─── The records

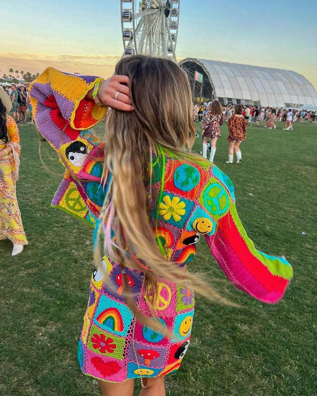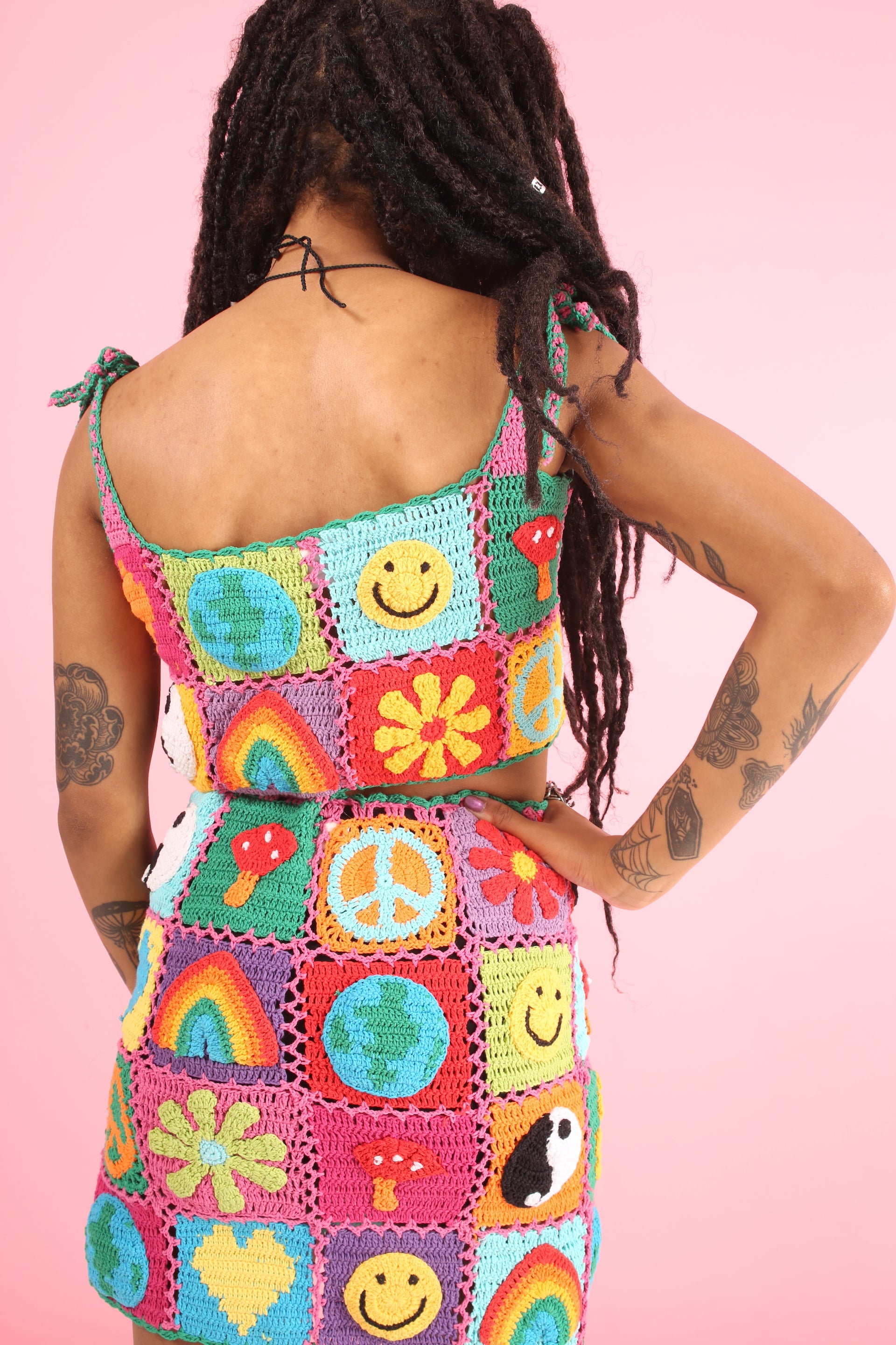 With super cute yin yang, mushroom, earth, peace, smiley, heart + flower patches.
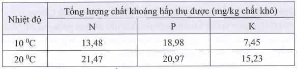 Thí nghiệm ảnh hưởng của nhiệt độ ở vùng rễ đến khả năng hấp thụ khoáng của cây dưa chuột (Cucumis sativus L.) được tiến hành và kết quả thí nghiệm này được trình bày ở bảng dưới đây.
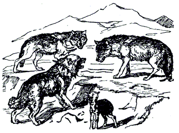 Поставив ягненка на ножки, загородив его собой, он обернулся к приближающейся стае и приготовился к битве. Тело его напряглось, чуть осев назад, шерсть вздыбилась, глаза засверкали диким блеском. Оскалив смертоносные клыки, он издал громкий отрывистый не то лай, не то вой. Это был его боевой клич, предупреждение врагам, что схватка будет не на жизнь, а насмерть. Грозный голос его разнесся по ущелью и замер в отдалении.
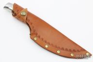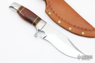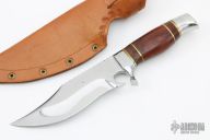 This Bowie by Wayne Whittaker features a mirror polished blade with false top edge and checkered spine, .252" blade stock and 1.808" blade depth, hidden tang construction. The handle has a stainless steel guard and butt, wood grip and brass spacers. Comes with a hand tooled brown leather sheath. Dated 1990. Has some light scratches, otherwise excellent condition.
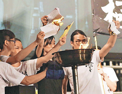 【明報專訊】四所大學學生會代表在維園燭光晚會上焚燒《基本法》,此舉是否支聯會「官方」六四悼念活動的一部分,有關人士都含糊其詞;一些在燭光晚會現場的人不以為然,有的人選擇即時離去,以示不認同。按目前的政治氛圍,焚燒《基本法》釋出的政治信號,會引發諸多猜疑,還可能使對峙對抗局面更惡化。支聯會有必要公開說明,以便讓各方知道到底發生了什麼事,以免因為誤讀、誤判而把香港推向更不明朗景况。
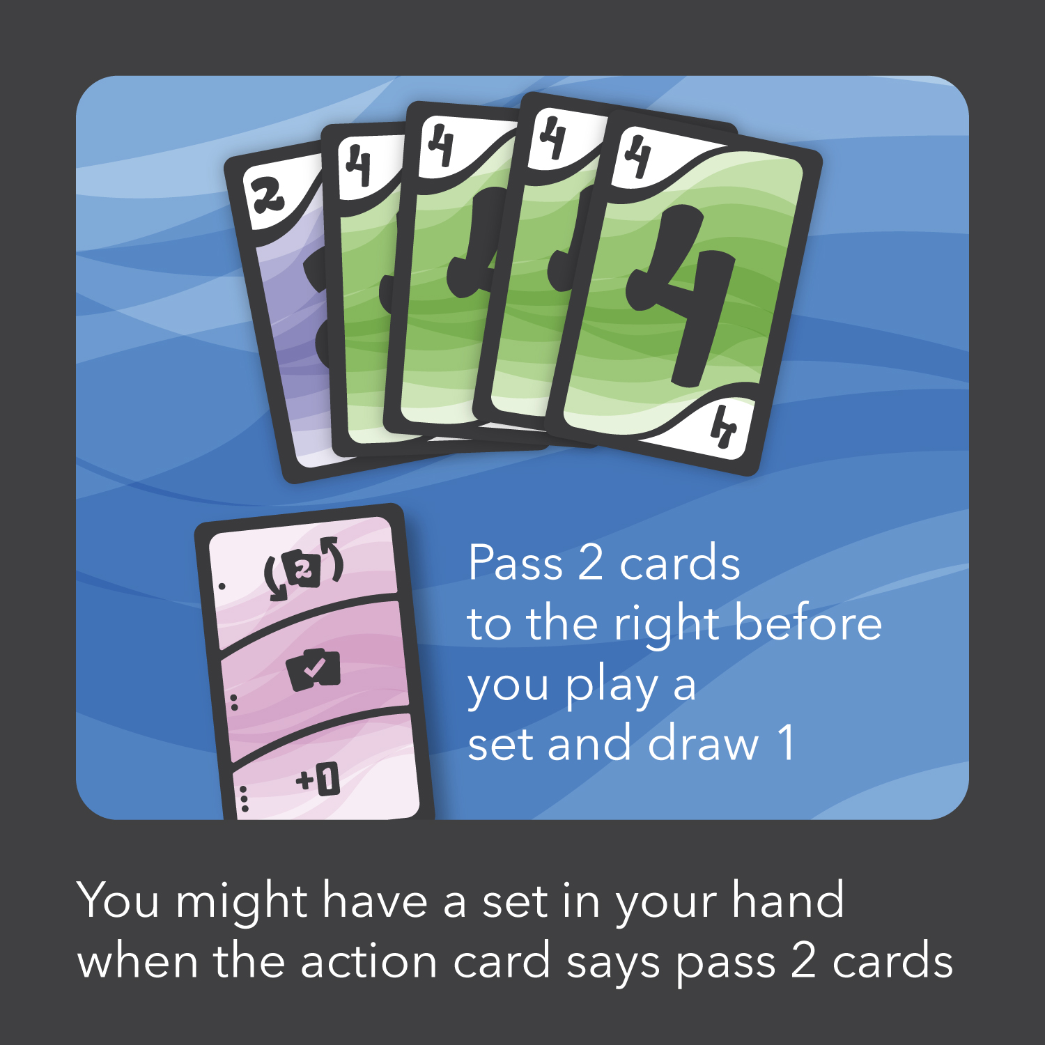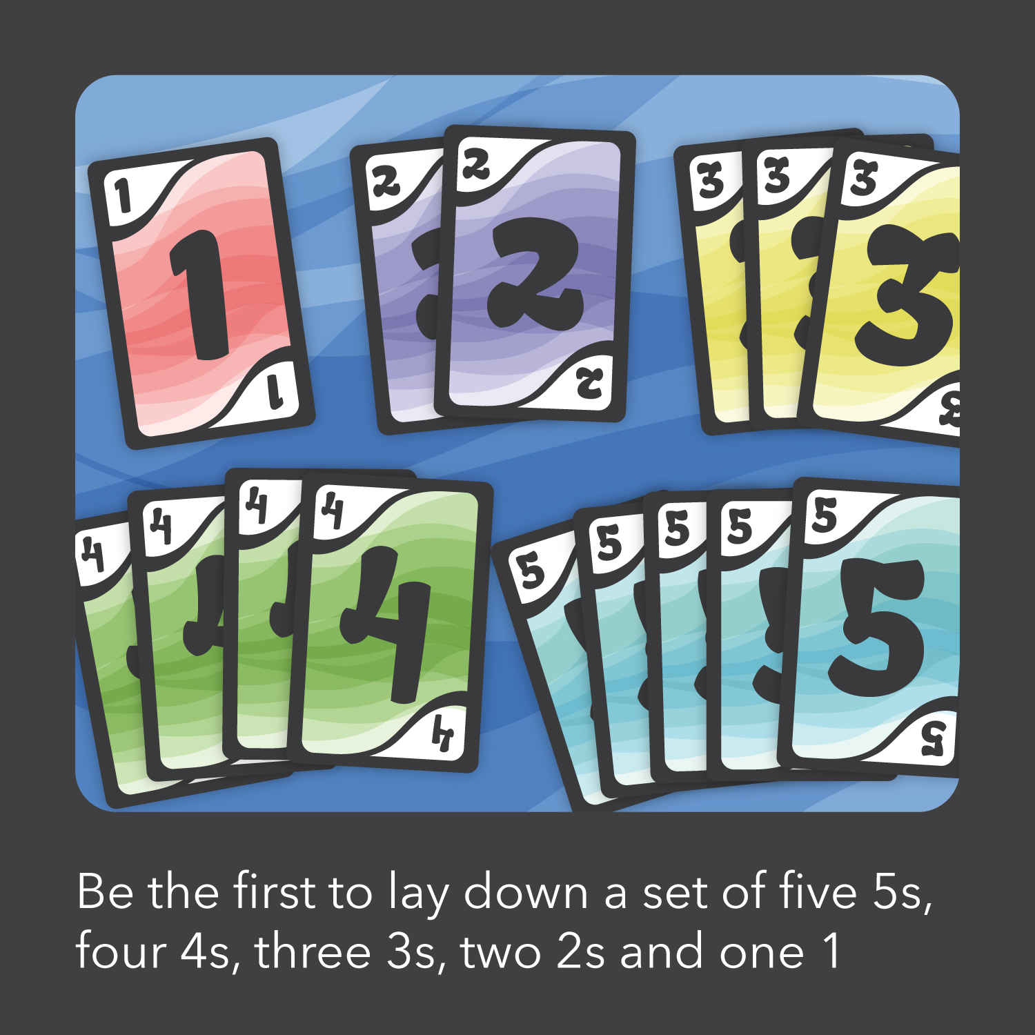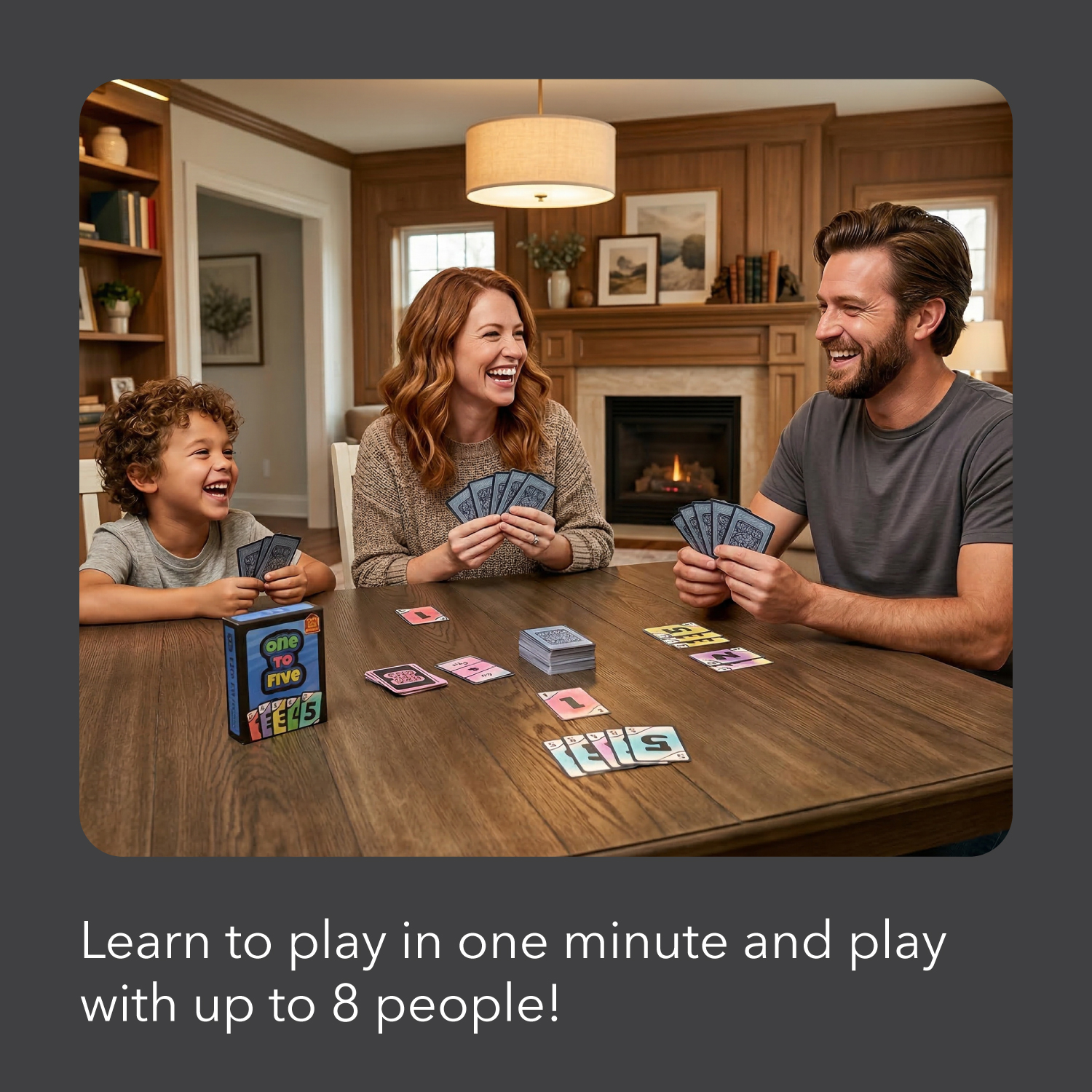 One to Five is a high energy game that will have you laying down sets of cards from 1 to 5, (5 fives, 4 fours, 3 threes, etc). The first player to lay down all 5 sets wins. The deck of Action Cards determine what all players will do in each round. You might draw a card, play a set, then pass a card to the right. Or you might draw exactly the card you need but have to pass your whole hand to the left before you get a chance to play your completed set! Every game is different, exciting and unpredictable. One to Five will have your whole table laughing, wanting to play again and again.
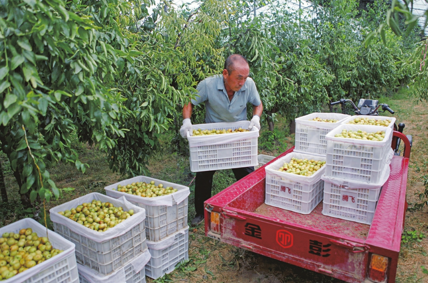 9月10日,襄汾县邓庄镇席村冬枣种植基地内,种植户正在开展采收作业。近年来,邓庄镇大力发展特色农业种植产业,通过实施科学化种植和水肥一体化管理,使冬枣的产量、质量、规模得到显著提升。
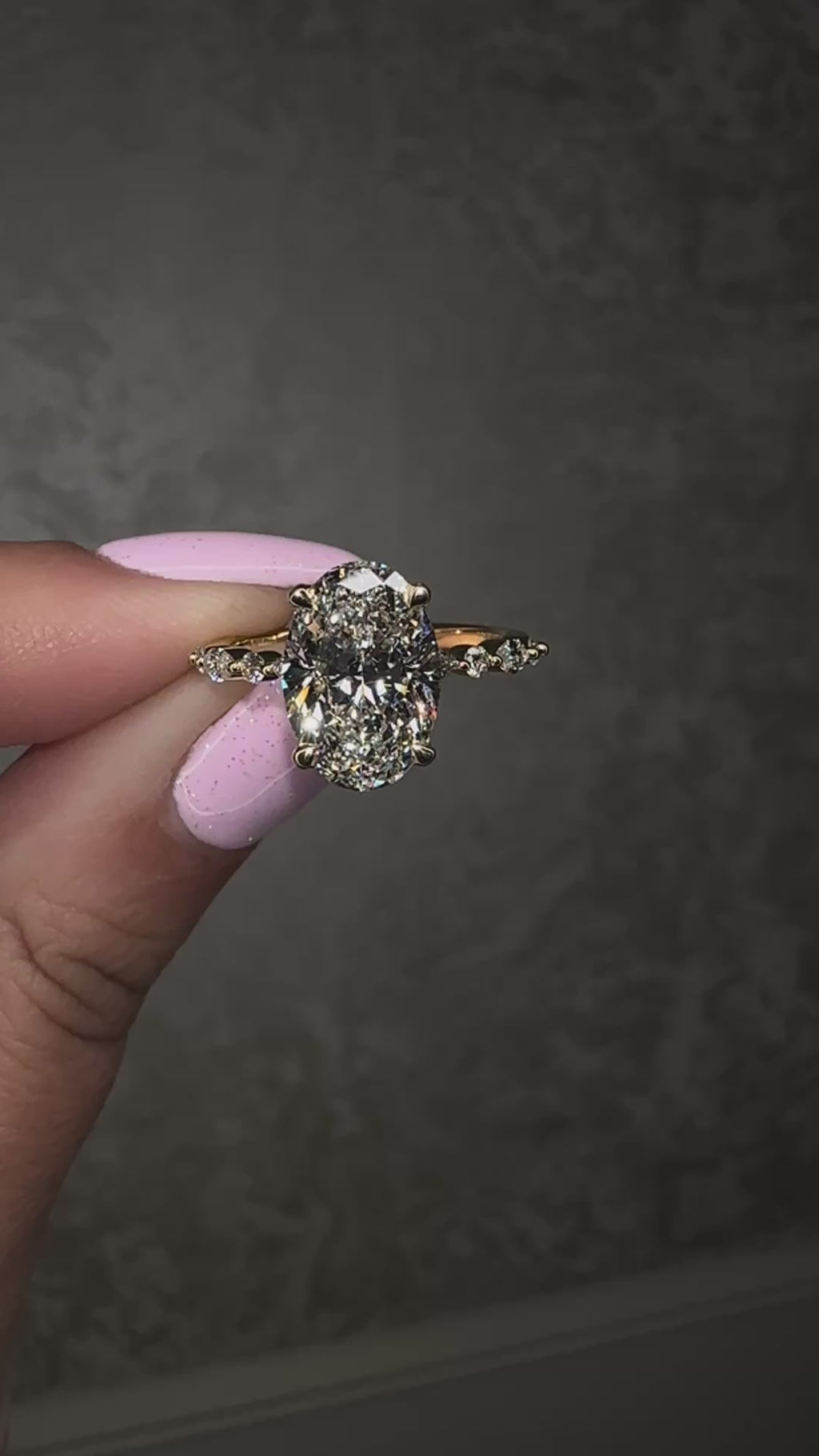 A 3ct lab grown oval cut diamond, expertly chosen for its exceptional cut, clarity and brightness. The elongated shape offers a flattering, finger lengthening appearance while delivering maximum brilliance.
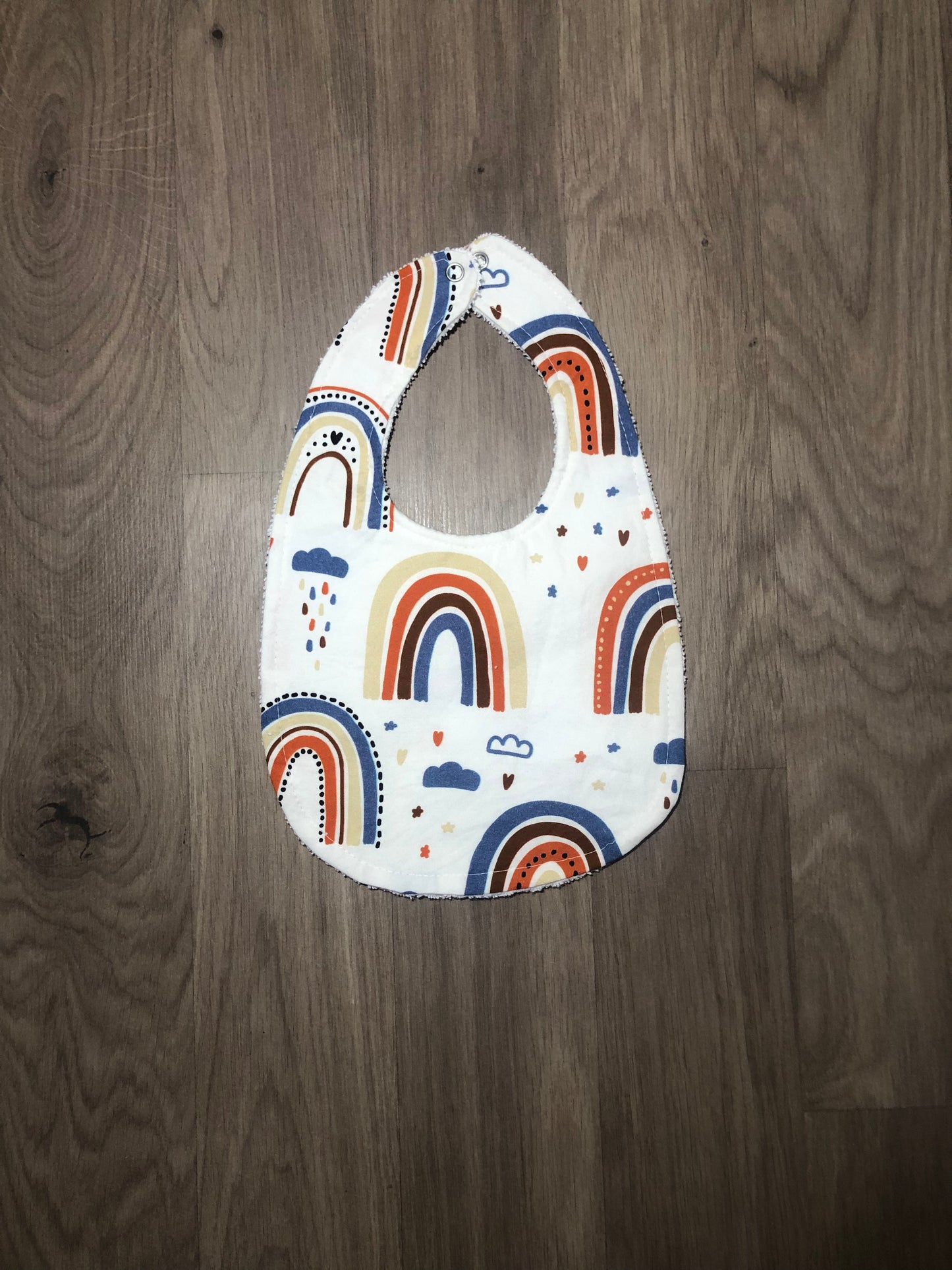 These beautiful bibs are handmade with cotton on the front and absorbent toweling on the back.
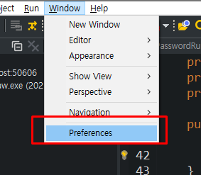 1) Window - Preferences 실행
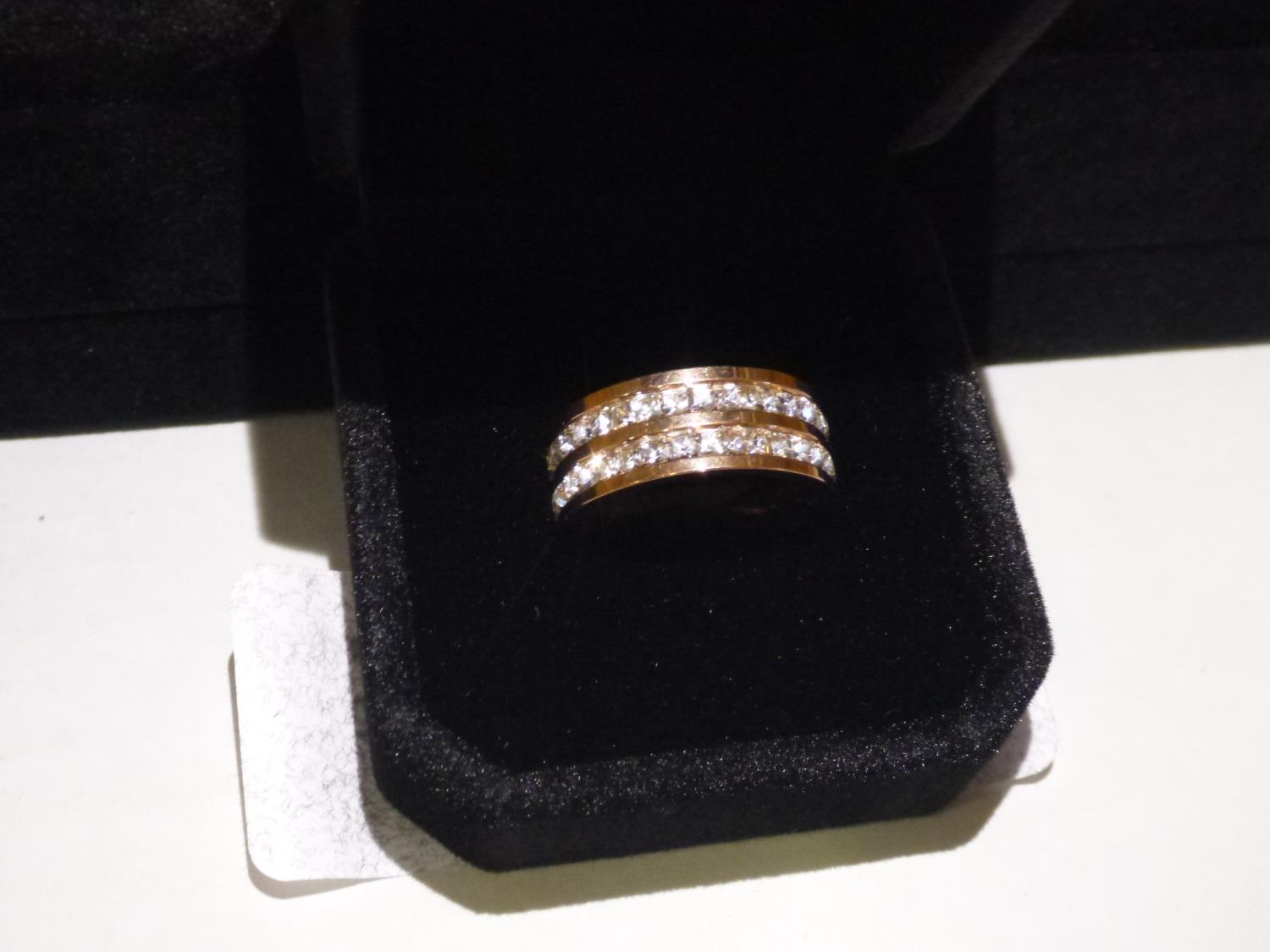 7125 18K Gold Plated 8.0 mm Simulated Diamond Ring (Unused)

──────

Task instructions:
Skip the pictures and print each record exactly as it stands.

Expected output:
 With super cute yin yang, mushroom, earth, peace, smiley, heart + flower patches.
 Thí nghiệm ảnh hưởng của nhiệt độ ở vùng rễ đến khả năng hấp thụ khoáng của cây dưa chuột (Cucumis sativus L.) được tiến hành và kết quả thí nghiệm này được trình bày ở bảng dưới đây.
 Поставив ягненка на ножки, загородив его собой, он обернулся к приближающейся стае и приготовился к битве. Тело его напряглось, чуть осев назад, шерсть вздыбилась, глаза засверкали диким блеском. Оскалив смертоносные клыки, он издал громкий отрывистый не то лай, не то вой. Это был его боевой клич, предупреждение врагам, что схватка будет не на жизнь, а насмерть. Грозный голос его разнесся по ущелью и замер в отдалении.
 This Bowie by Wayne Whittaker features a mirror polished blade with false top edge and checkered spine, .252" blade stock and 1.808" blade depth, hidden tang construction. The handle has a stainless steel guard and butt, wood grip and brass spacers. Comes with a hand tooled brown leather sheath. Dated 1990. Has some light scratches, otherwise excellent condition.
 【明報專訊】四所大學學生會代表在維園燭光晚會上焚燒《基本法》,此舉是否支聯會「官方」六四悼念活動的一部分,有關人士都含糊其詞;一些在燭光晚會現場的人不以為然,有的人選擇即時離去,以示不認同。按目前的政治氛圍,焚燒《基本法》釋出的政治信號,會引發諸多猜疑,還可能使對峙對抗局面更惡化。支聯會有必要公開說明,以便讓各方知道到底發生了什麼事,以免因為誤讀、誤判而把香港推向更不明朗景况。
 One to Five is a high energy game that will have you laying down sets of cards from 1 to 5, (5 fives, 4 fours, 3 threes, etc). The first player to lay down all 5 sets wins. The deck of Action Cards determine what all players will do in each round. You might draw a card, play a set, then pass a card to the right. Or you might draw exactly the card you need but have to pass your whole hand to the left before you get a chance to play your completed set! Every game is different, exciting and unpredictable. One to Five will have your whole table laughing, wanting to play again and again.
 9月10日,襄汾县邓庄镇席村冬枣种植基地内,种植户正在开展采收作业。近年来,邓庄镇大力发展特色农业种植产业,通过实施科学化种植和水肥一体化管理,使冬枣的产量、质量、规模得到显著提升。
 A 3ct lab grown oval cut diamond, expertly chosen for its exceptional cut, clarity and brightness. The elongated shape offers a flattering, finger lengthening appearance while delivering maximum brilliance.
 These beautiful bibs are handmade with cotton on the front and absorbent toweling on the back.
 1) Window - Preferences 실행
 7125 18K Gold Plated 8.0 mm Simulated Diamond Ring (Unused)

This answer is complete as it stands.